Ramen profitability is easier in Asia: Travel is perfect for micro-entrepreneurs - ollierattue
http://toomanytabs.com/blog/2422/ramen-profitability-is-easier-in-asia-how-travel-creates-the-perfect-situation-for-the-micro-entrepreneur/

======
gexla
Yes, but there are drawbacks as well. Frequent brownouts. Frequent internet
outages. Slow internet. Large distance from other hackers in your home country
(more expense to travel to conferences and other meetings.)

Also, some things are cheaper, some things aren't. Global commodities such as
oil and food are just as expensive. Imports are more expensive.

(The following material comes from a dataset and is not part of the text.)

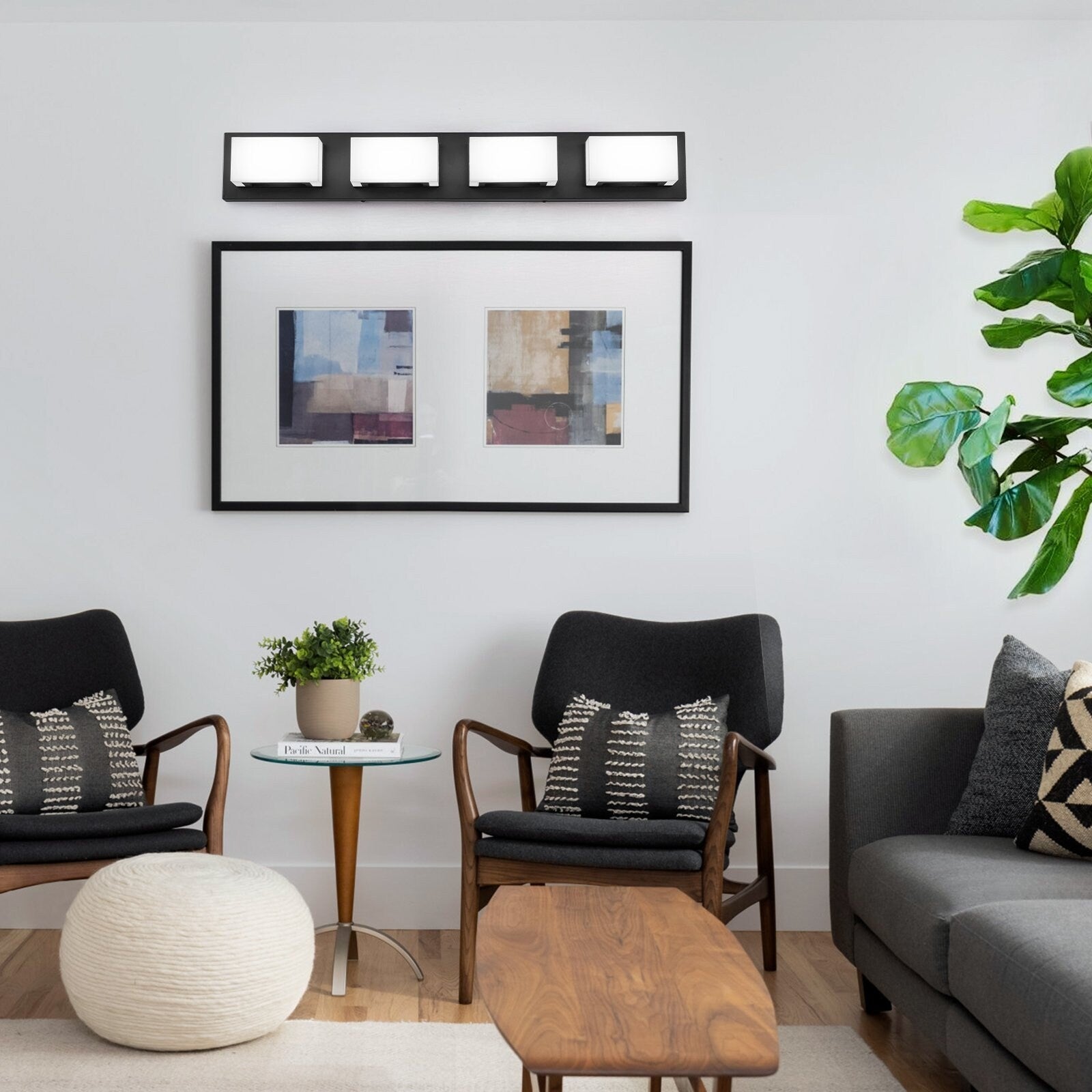 Add a sleek, contemporary flair to your bathroom or vanity area with this 3/4/5-Light rectangular LED vanity light. Designed with a unique hollow cube structure, this led vanity light features both inner and outer illumination, creating a clean, layered glow that enhances any modern interior. The matte black iron base pairs elegantly with frosted acrylic shades, offering a perfect balance of form and function. With energy-efficient LED lighting and a bright 6000K daylight color temperature, it's ideal for daily grooming or adding ambient brightness to your space.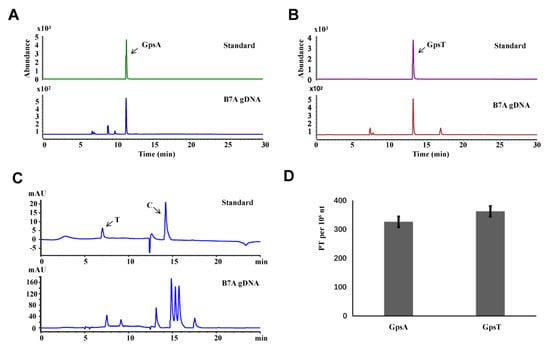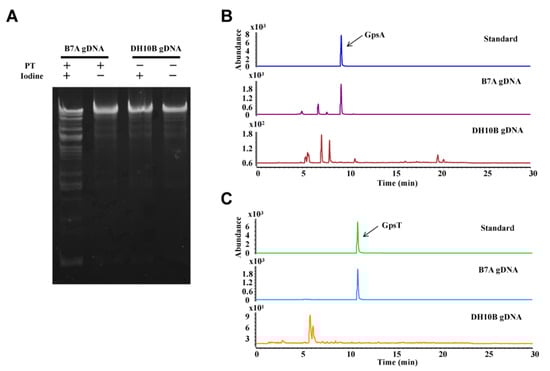 The results demonstrated that iodine could cleave PT-modified DNA with high efficiency. This finding was consistent with the previous cleavage studies [20,21,22,23], so this assay is feasible to detect the presence of PT modifications in the genome. To consolidate the above results, we re-analyzed PT modifications in gDNA of E. coli B7A by LC-MS/MS. As shown in Figure 2B,C, the PT-containing dinucleotides (GpsA or GpsT) after hydrolysis of the gDNA by nucleases is consistent with the retention time of the standard that possessed PT modifications with Rp configuration. These results confirmed that the ICA approach could rapidly detect PT modification status in the genome.

The big
savings is from labor (which in turn helps drive prices for everything down)
and in some cases land (some places in developing countries, especially big
cities such as China have land prices which can rival big cities in the U.S.)
Currency fluctuations can have a huge effect on fragile bugets, especially if
your earning / holding currency is in a relatively volatile period (look at
what the Austrailian dollar has done compared to the U.S. dollar in the past
12 months.)

For me, another big savings is not so much from being in a foreign country,
but rather the mental shift I made. Living simple is the norm here. Most
people who come to live here drop the majority of their personal possessions
and move into a far smaller place than they might have had back home. At home
you might feel you have to keep up with the Jones' but simplicity is accepted
here. If you begin to make a shift back the other direction, then your
expenses can rise to eat up your entire income, just like anywhere else.

------
phlux
I am interested in doing this a little differently - I am trying to hire folks
that have some of the skills that I have and outsource myself. I find the work
here in the US and feed it to them.

I have only just made the decision I want to do this, so I am not sure where
to start other than Odesk etc...

Anyone done this yet?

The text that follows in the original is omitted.